*Problem to solve:* The answer should hold only the lines from the beginning of the material through the one with "玲瓏晶瑩的外衣,盛裝著柿餅的", reproduced exactly and without pictures.
#### Available data
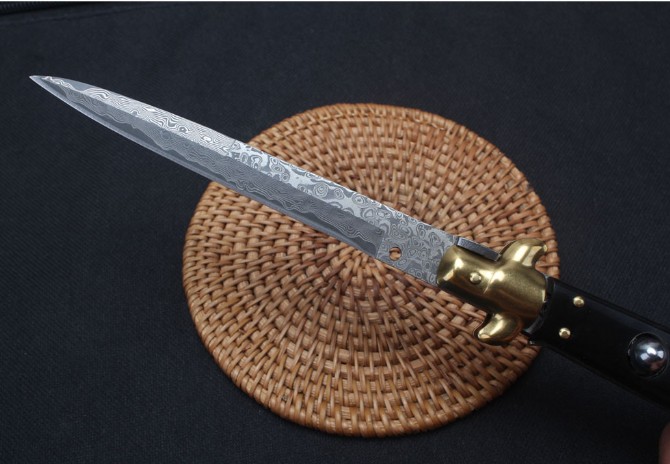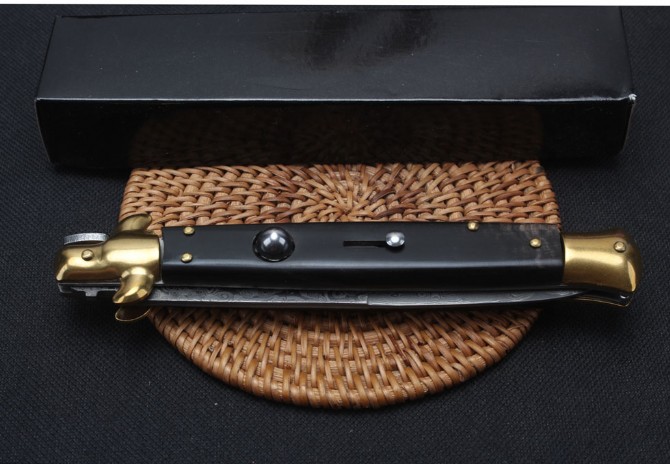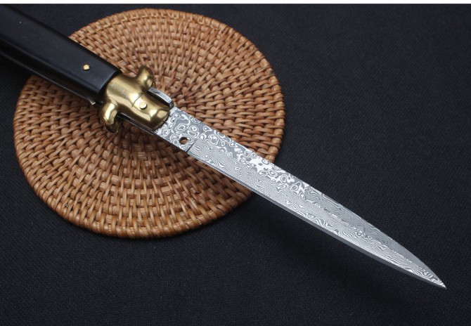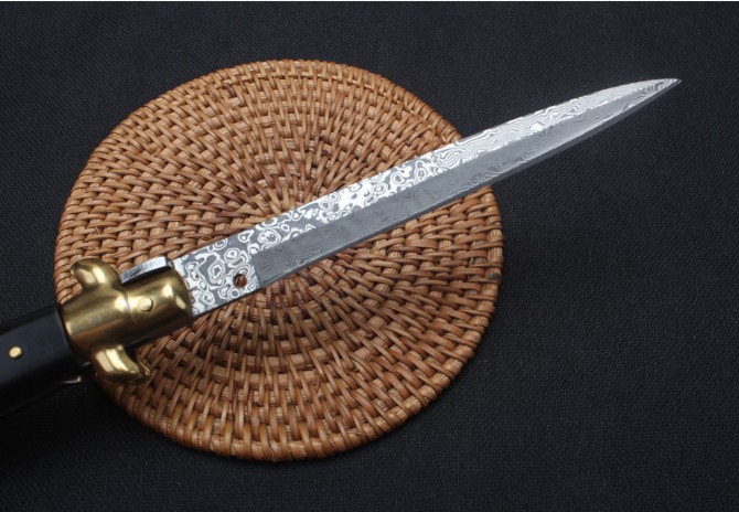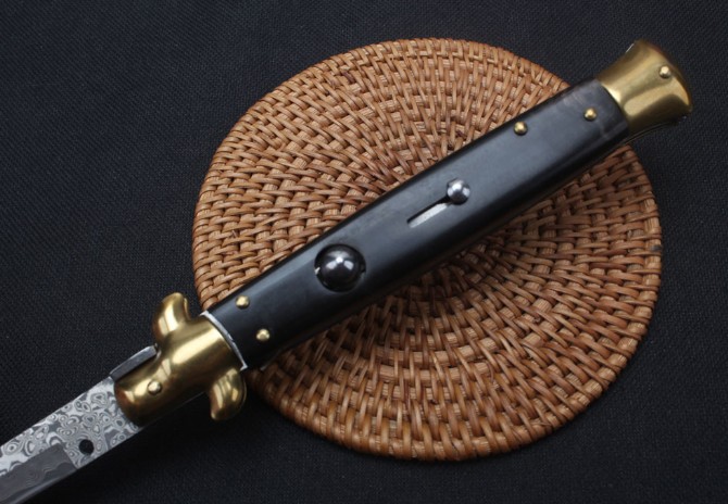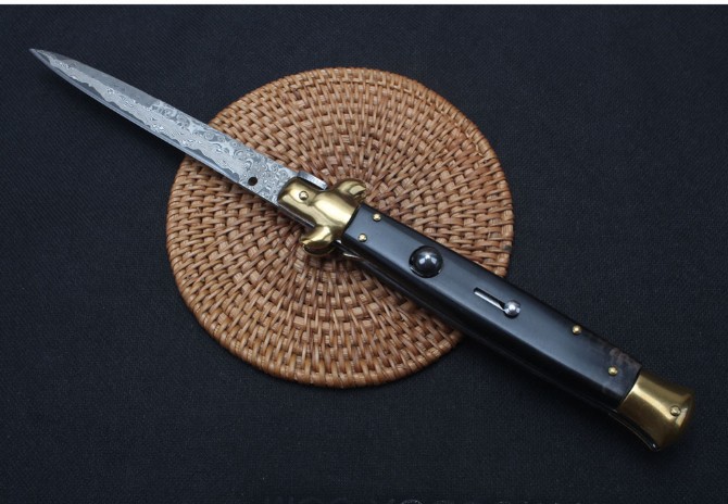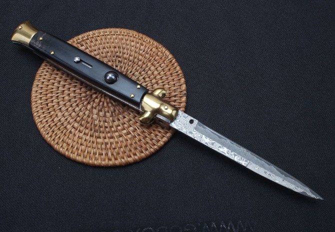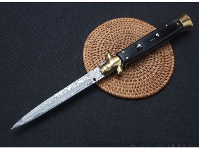 大马士革11寸黑牛角AKC意大利跳刀 全长:27.8cm 刃长:12.3cm 柄长:15.5cm 刃宽:1.4cm(最宽处) 刃厚:3.0mm 刃材:7铬17钼钒大马士纹 刀柄:黑牛角 表面:大马士纹 开刀方式:弹簧 重量:143克168毛重
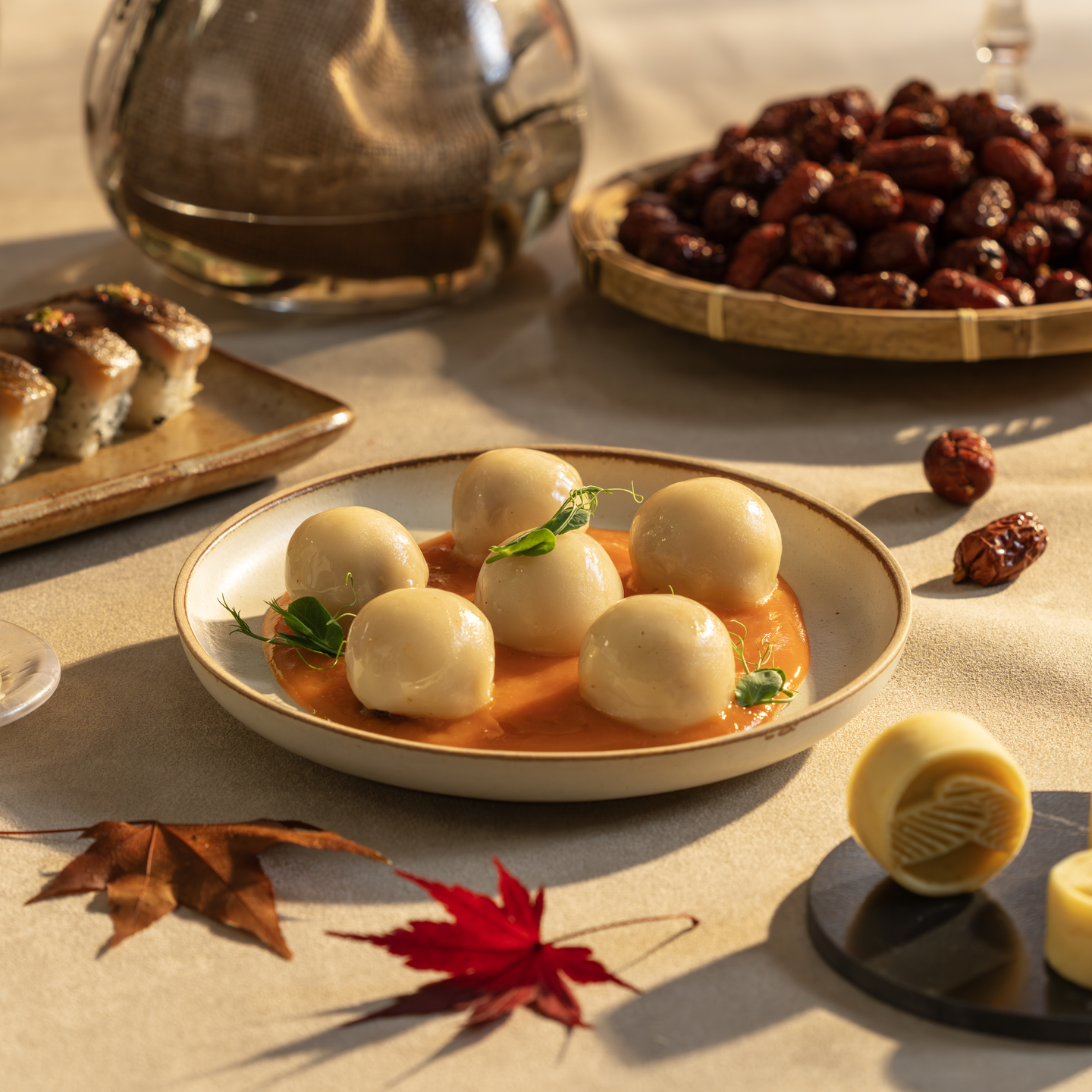 玲瓏晶瑩的外衣,盛裝著柿餅的甘潤、栗子與芋頭的香糯、鮮蚵與蝦仁的鮮美。輕輕一口,餡香四溢,恰似大地的豐饒盡藏其中。宛如秋日果實般的吉兆,晶亮如詩,吟頌著豐收的喜悅。
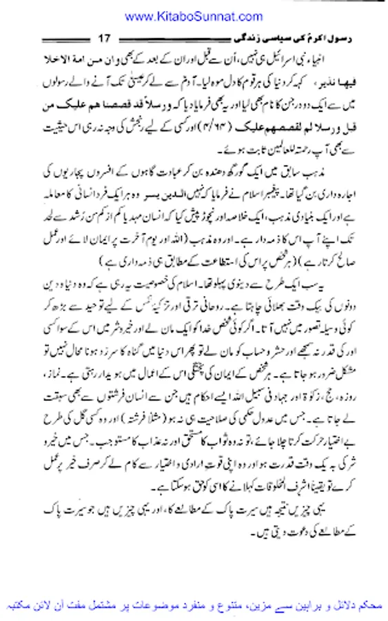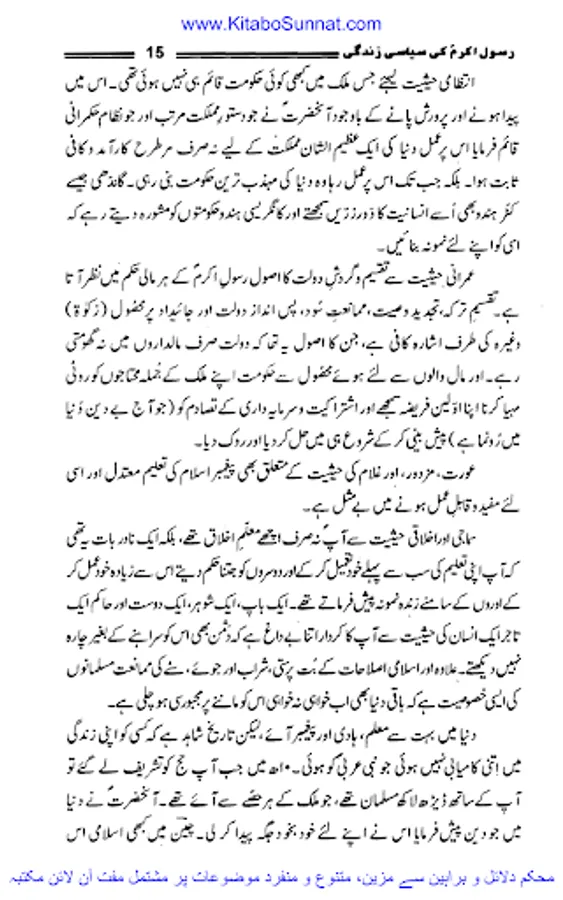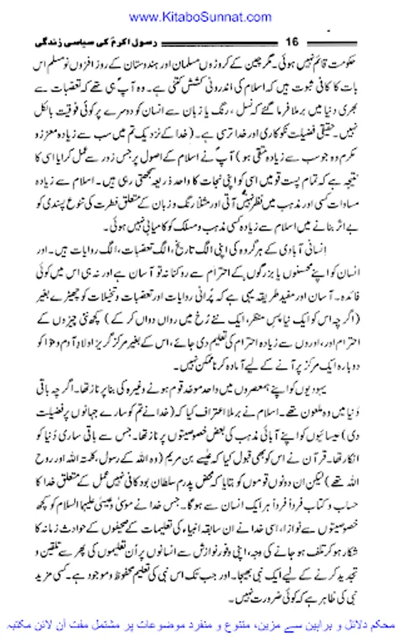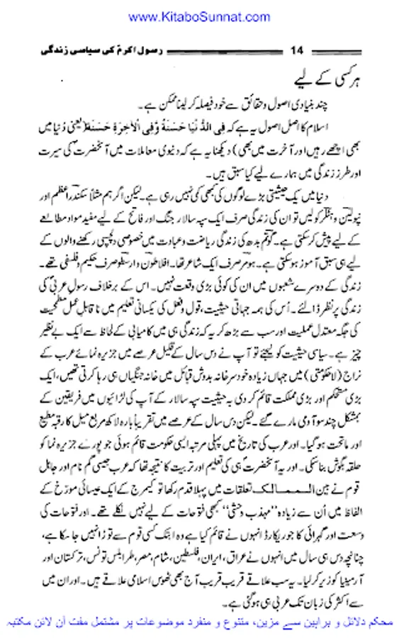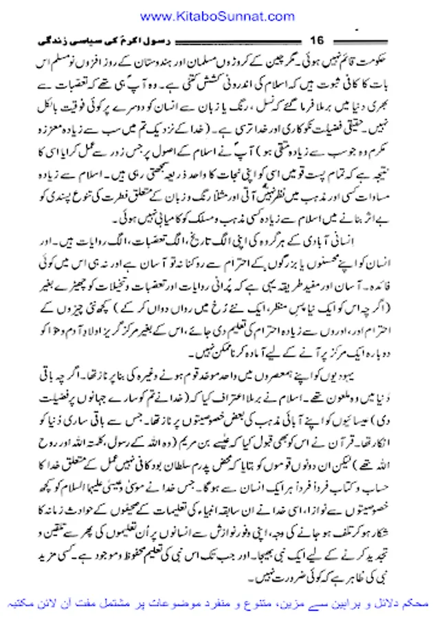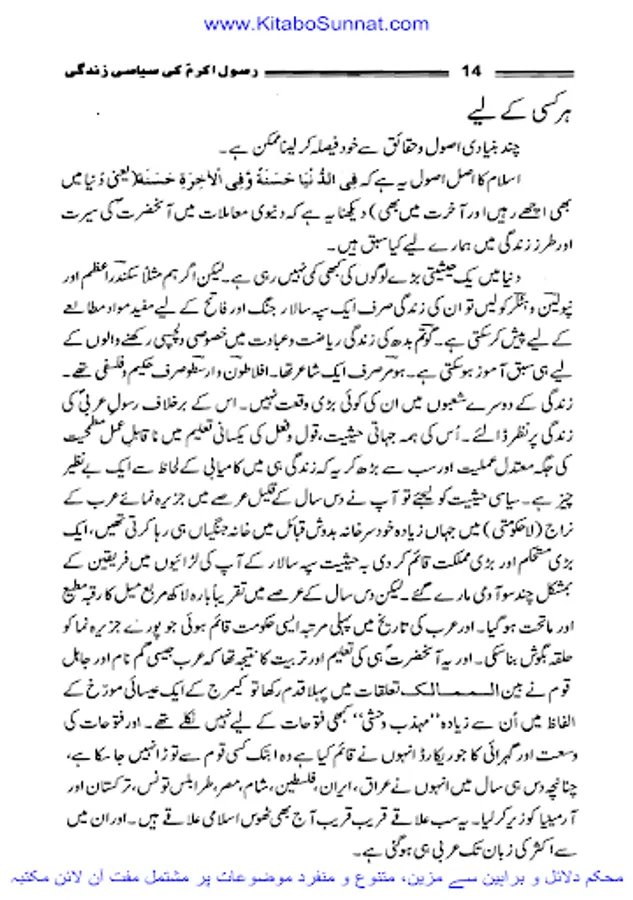 اللہ کے پاک نبی کریم حضرت محمد مصطفی احمد مجتبیؐ شب اسریٰ کے مہمان تمام دنیا کے انسانوں اور انبیاء کرام علیھم السلام کے سردار مکمل ضابطہ حیات لے کر اس جہان رنگ و بو میں تشریف لائے۔ سرکار دوجہاںﷺ نے انفرادی و اجتماعی زندگی کا مکمل نمونہ بن کر دکھایا۔ آپؐ کی اپنی مبارک حیات کے پہلے سانس سے لے کر آخری سانس تک کے وہ تمام نشیب و فراز ایک ہی سیرت میں یکجا ،مکمل اور قابل اتباع ہیں اور اللہ کا یہ احسان اعظم ہے کہ اس نے اپنے بندوں کی ہدایت کے لئے حضرت محمد ؐ کو مبعوث فرمایا۔ جب آقائے نامدار ؐکو مبعوث کیا گیا تو اس وقت دنیا تاریکی، جہالت، ابتری و ذلت کے انتہائی پر آشوب دور سے گز رہی تھی۔ یونانی فلسفہ اپنی نا پائیدار اقدار کا ماتم کر رہا تھا، رومی سلطنت روبہ زوال تھی، ایران اور چین اپنی اپنی ثقافت و تہذیب کو خانہ جنگی کے ہاتھوں رسوا ہوتا دیکھ رہے تھے۔ ہندوستان میں آریہ قبائل اور گوتم بدھ کی تحریک آخری ہچکیاں لے رہی تھی۔ ترکستان اور حبشہ میں بھی ساری دنیا کی طرح اخلاقی پستی کا دور دورہ تھا اور عرب کی حالت زار تو اس سے بھی دگرگوں تھی ۔سیاسی تہذیب و تمدن کا تو شعور ہی نہ تھا عرب وحدت مرکزیت سے آشنا نہیں تھے، وہاں ہمیشہ لا قانونیت ،باہمی جنگ و جدل کا دور دورہ رہا۔ اتحاد ،تنظیم ،قومیت کا شعور حکم و اطاعت وغیرہ جن پر اجتماعی اور سیاسی زندگی کی راہیں استوار ہوتی ہیں ان کے ہاں کہیں بھی نہ پائی جاتی تھیں۔ قبائل بھی اپنے اندرونی خلفشار کے ہاتھوں تہذیب و تمدن سے نا آشنا تھے۔ سیاسی وحدت یا بیرونی تہذیبوں سے آشنائی و رابطہ دور کی بات تھی۔ نبی پاک ؐ کی الہامی تعلیمات سے عرب ایک رشتہ وحدت میں پرو دئیے گئے اور وہ قوم جو باہمی جنگ و جدل ،ظلم و زیادتی کے علاوہ کسی تہذیب سے آشنا نہ تھی جہاں بانی کے مرتبے پر فائز کر دی گئی یہ سب اس بناء پر تھا کہ اسلام نے دنیاوی بادشاہت کے برعکس حاکمیت اقتدار اعلیٰ کا ایک نیا تصور پیش کیا جس کی بنیاد خدائے لم یزل کی حاکمیت اور جمہور کی خلافت تھی۔ زیر تبصرہ کتاب ’’رسول اللہﷺ کی سیاسی زندگی‘‘ڈاکٹر محمدحمیداللہ کی تصنیف ہے جس میں انہوں نے رسولﷺ کی سیرت طیبہ کونہایت ہی احسن انداز سے بیانن کیا ہے۔ اللہ رب العزت ان کو اس کار خیر پر اجرے عظیم سے بہرا مند فرمائے۔ آمین(شعیب خان).
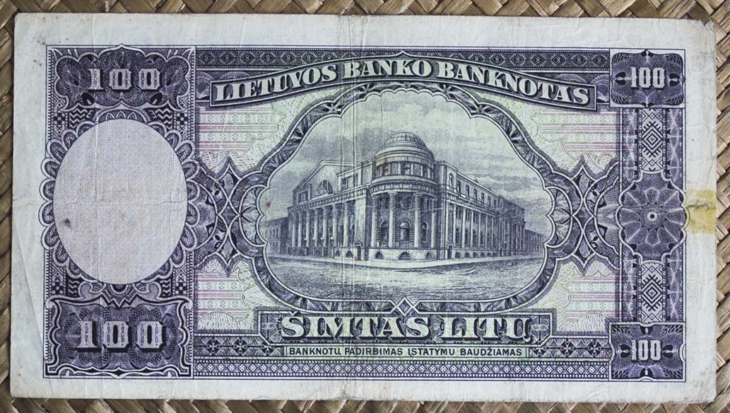 El de 100 litas de 1928 nos muestra en su anverso la alegoría de una dama con el cuerno de la fortuna y un niño rodeado de alegorías a las ciencias y las artes. En su reverso el edificio que albergaba a primeros de s. XX el Club de Comercio de Vilnius (Merchants’ Club). Fue impreso por la empresa Bradbury, Wilkinson & Co. de Inglaterra.
########
*Completed exercise:*
 大马士革11寸黑牛角AKC意大利跳刀 全长:27.8cm 刃长:12.3cm 柄长:15.5cm 刃宽:1.4cm(最宽处) 刃厚:3.0mm 刃材:7铬17钼钒大马士纹 刀柄:黑牛角 表面:大马士纹 开刀方式:弹簧 重量:143克168毛重
 玲瓏晶瑩的外衣,盛裝著柿餅的甘潤、栗子與芋頭的香糯、鮮蚵與蝦仁的鮮美。輕輕一口,餡香四溢,恰似大地的豐饒盡藏其中。宛如秋日果實般的吉兆,晶亮如詩,吟頌著豐收的喜悅。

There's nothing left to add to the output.